Thomy : Oui ! J’ai déjà été approché à quelques reprises. J’ai collaboré avec des chroniqueurs tels que Le Direct de Mikail, Clancy Beezy de BweliTribe et HK pour le podcast déconfinés. Badgyal Magazine m’a déjà consulté pour apporter mon point de vue sur une artiste dont les fans sont très agressifs. J’ai aussi prêté ma plume pour l’émission Web “Affaire de Linge Sale” produite par AFJ. Des clauses de confidentialité ne me permettent pas de citer les autres collaborations.

VLL : Quelles sont les principales difficultés que vous rencontrez depuis que vous avez lancé La Chronique de Thomy ?

Thomy : Les difficultés il y’en a tellement. La première de toutes était le fait de me créer un univers propre à moi. Vous savez, avant moi il y’avait déjà 2 blogueurs assez connus. Les gens pensaient que je surfais sur leur vague, donc j’ai dû apprendre à me démarquer avec des analyses propres à moi et des illustrations.

Ensuite, il faut fidéliser l’audience. Et, cela implique qu’il faut être fréquent et constant dans ce que l’on offre aux abonnés. Je suis parfois perfectionniste. Donc, je mettais souvent du temps pour les articles et ça s’est souvent retourné contre moi.

Il y’a le plus difficile : les contenus. Ils doivent être attirants et instructifs. Étant l’outsider et le moins suivi dans cette catégorie de “chroniqueurs”, je me dois de miser autant sur le fond que dans la forme.

Enfin, il y’a bien sûr la réception du public. Je suis souvent cru dans mes propos et je ne me suis pas fait beaucoup d’amis. Il suffit de dire un petit truc négatif et on te tombe dessus. On te traite de tous les noms et dénigre ta page… On cherche des infos sur toi afin de te nuire. C’est quelque chose qui peut perturber. Heureusement, je reçois le soutien de plusieurs artistes qui suivent régulièrement la page malgré le fait que je critique souvent leur musique. C’est priceless.

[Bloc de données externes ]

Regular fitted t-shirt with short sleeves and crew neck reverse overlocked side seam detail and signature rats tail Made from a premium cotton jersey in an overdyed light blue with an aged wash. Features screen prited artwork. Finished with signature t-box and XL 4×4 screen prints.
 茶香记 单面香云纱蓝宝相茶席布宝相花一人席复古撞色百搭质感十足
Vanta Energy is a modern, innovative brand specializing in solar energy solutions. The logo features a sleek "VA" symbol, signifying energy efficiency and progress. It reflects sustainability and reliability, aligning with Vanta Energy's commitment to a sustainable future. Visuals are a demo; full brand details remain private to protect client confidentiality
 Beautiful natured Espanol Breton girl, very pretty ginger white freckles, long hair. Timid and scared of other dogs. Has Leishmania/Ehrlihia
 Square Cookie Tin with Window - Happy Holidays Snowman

VLL : Et que proposez-vous pour y remédier ? 

Thomy : Pour y remédier, je fais ce qu’on appelle observer la bonne vieille concurrence. Qu’est ce que les autres font ? Comment je pourrais m’en inspirer ? Comment je pourrais rendre la chronique plus accessible et les articles moins techniques. Que faire pour adapter les concepts à mon format, à mon audience ? Avec qui collaborer ?… Plusieurs éléments qui font que chaque jour, j’essaie d’offrir aux abonnés quelque chose qui leur donnera envie de rester.  Par exemple, je m’inspire beaucoup de Steevy de Musicfeelings. Car, on a au moins un point commun : on s’adresse à une audience qui n’est pas forcément mainstream et qui est assez exigeante en matière de contenu.

De plus, depuis un temps, je reste connecté sur des directs de plusieurs blogueurs dont Maëlla Séna et Olivier Ona pour en apprendre un peu plus sur le développement personnel et les stratégies des médias, en plus de dévorer des PDF sur la communication.

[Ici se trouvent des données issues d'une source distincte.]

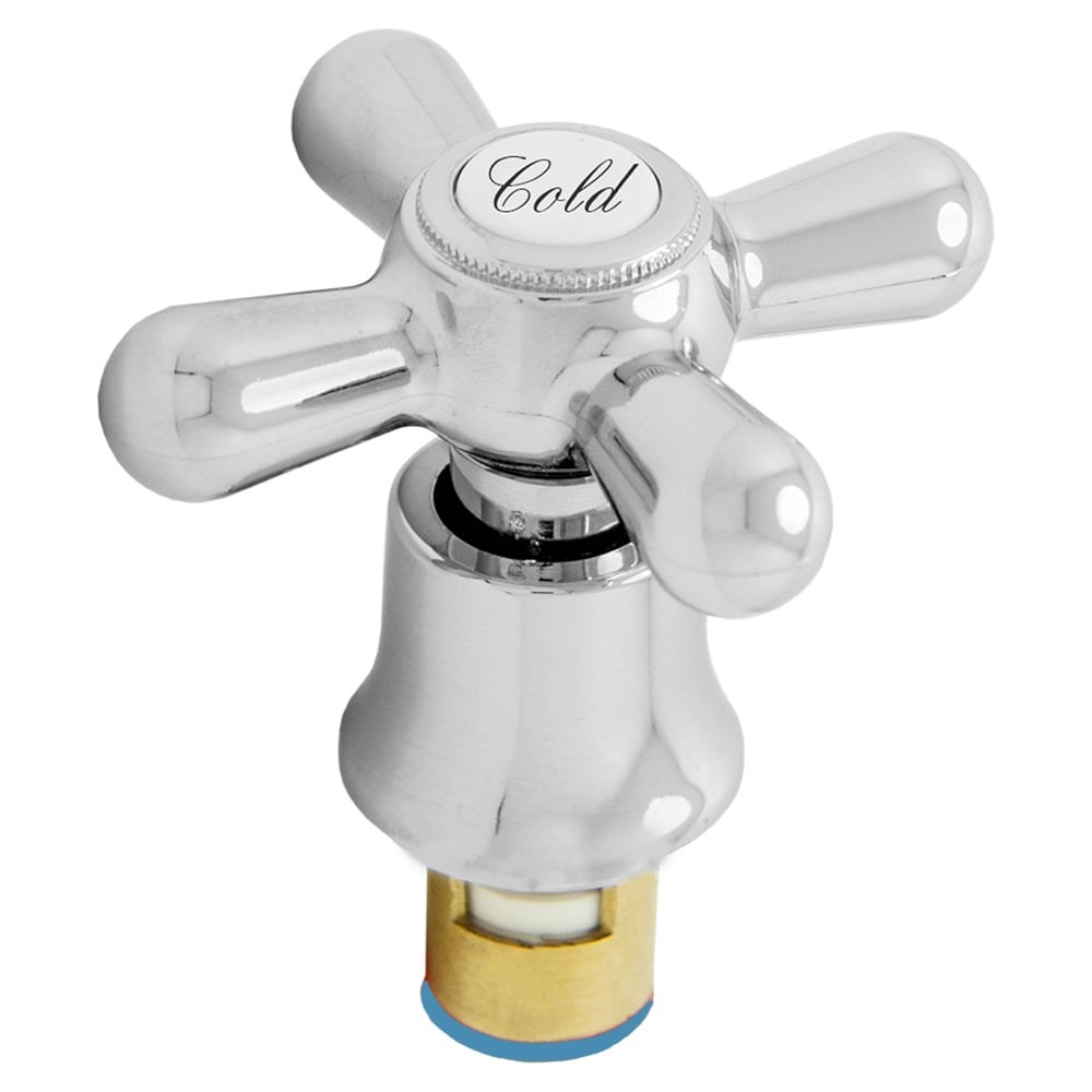 Комплект из кран-буксы с металлокерамическими запорными пластинами в латунном корпусе, установочной резьбой 1/2", углом поворота 180 и пластикового маховика крестообразной формы с юбкой.

VLL : Thomy a-t-il des projets d’avenir ? Comment voyez-vous LC2T dans les cinq prochaines années ?

Thomy : En fait, mon projet c’est toujours de me rendre sur Mars. Ensuite, Jupiter en attendant. Puis, finir dans l’univers intersidéral. Il est trop ambitieux.

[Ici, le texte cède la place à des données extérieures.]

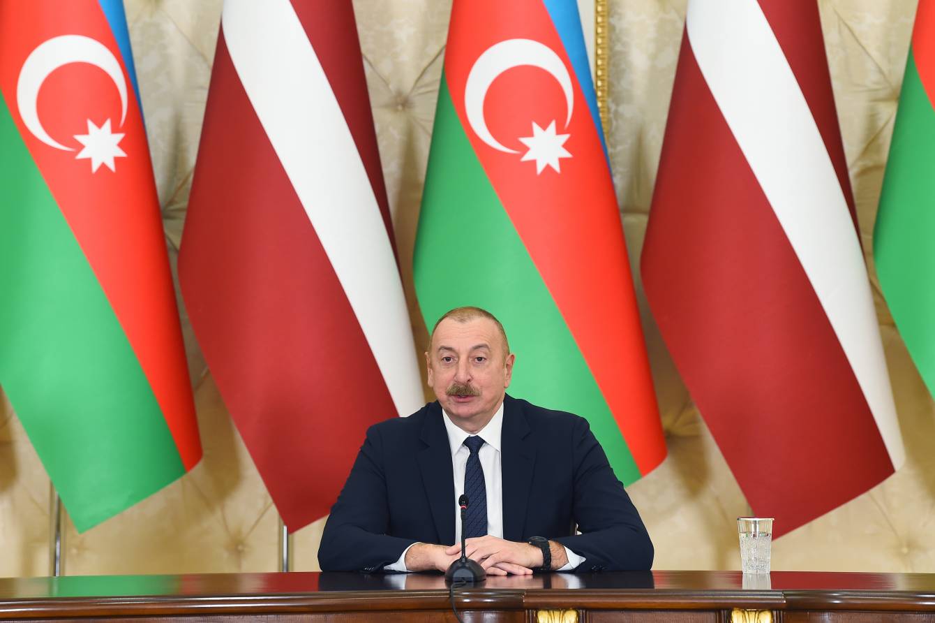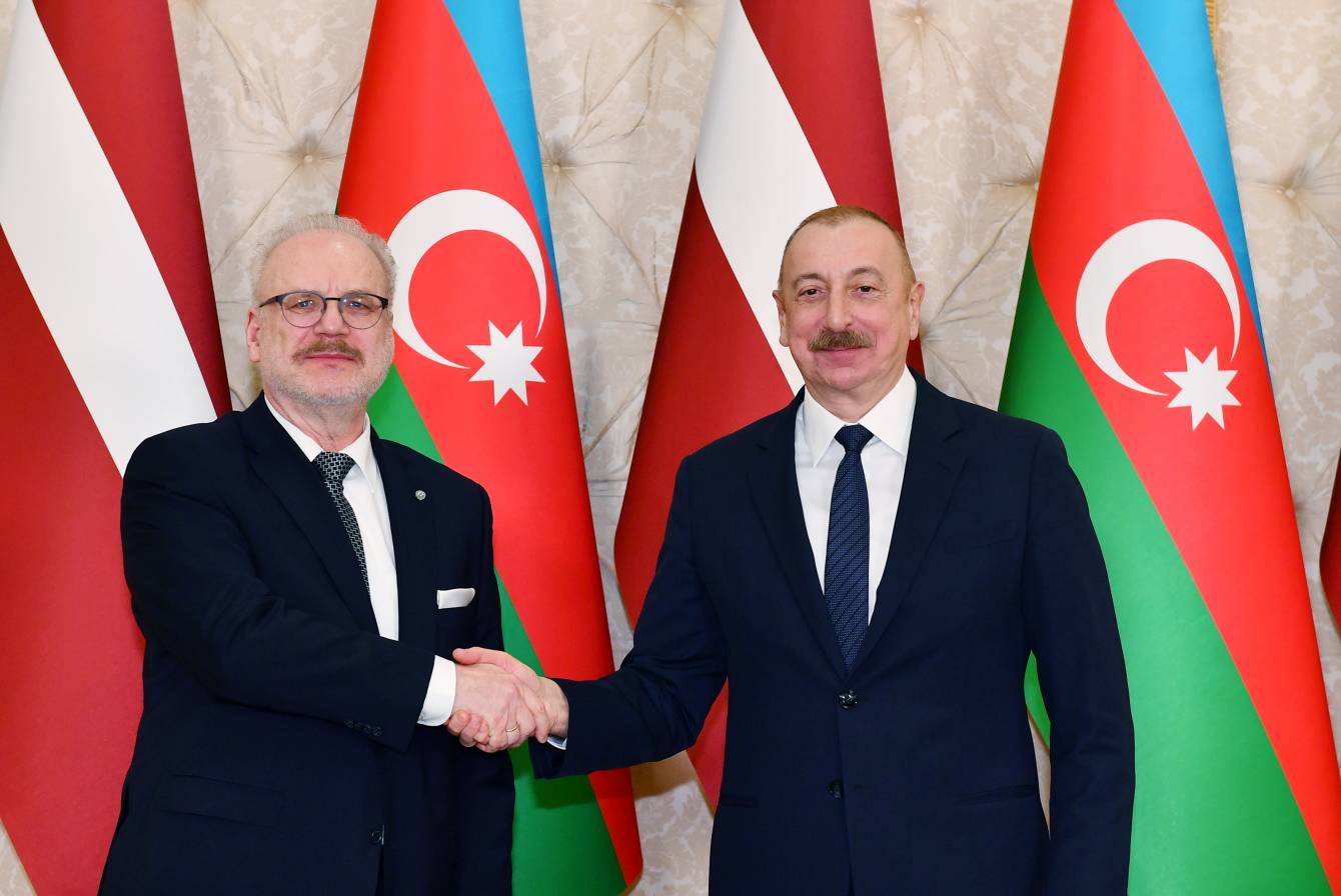 Президенты Азербайджана и Латвии выступили с заявлениями для печати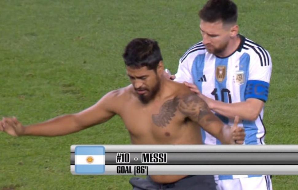 Αμεσα οι σεκιούριτι του γηπέδου επενέβησαν και λίγο έλειψε, να τραυματίσουν τον Λιονέλ Μέσι στην προσπάθειά τους να απομακρύνουν τον φίλαθλο!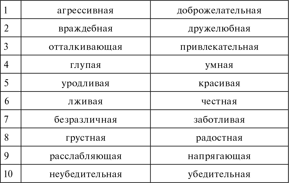 Таблица 1. Шкалы семантического дифференциала для проведения исследования

À défaut, je serai la grande tache rouge (en référence à la planète Jupiter) dans le milieu du divertissement au Gabon. En plus de faire prospérer La Chronique et le média que je me suis promis de mettre sur pied. Un média à l’image de Complex ou Pitchfork pour les initiés.

VLL : Si vous deviez donner un conseil à toutes ces personnes qui souhaiteraient lancer leur propre chronique, ce serait quoi ?

Thomy : Au départ, faites-le parce que vous êtes passionnés. Si vous ne mettez pas la passion dans ce que vous faites, vous allez rencontrer des soucis. Vous perdrez confiance en vous. Aussi, sachez vous entourer des bonnes personnes. Sachez encaisser les remarques, même lorsqu’elles blessent. Car, ce milieu est un champ de bataille. Donnez-vous les moyens nécessaires pour atteindre vos objectifs.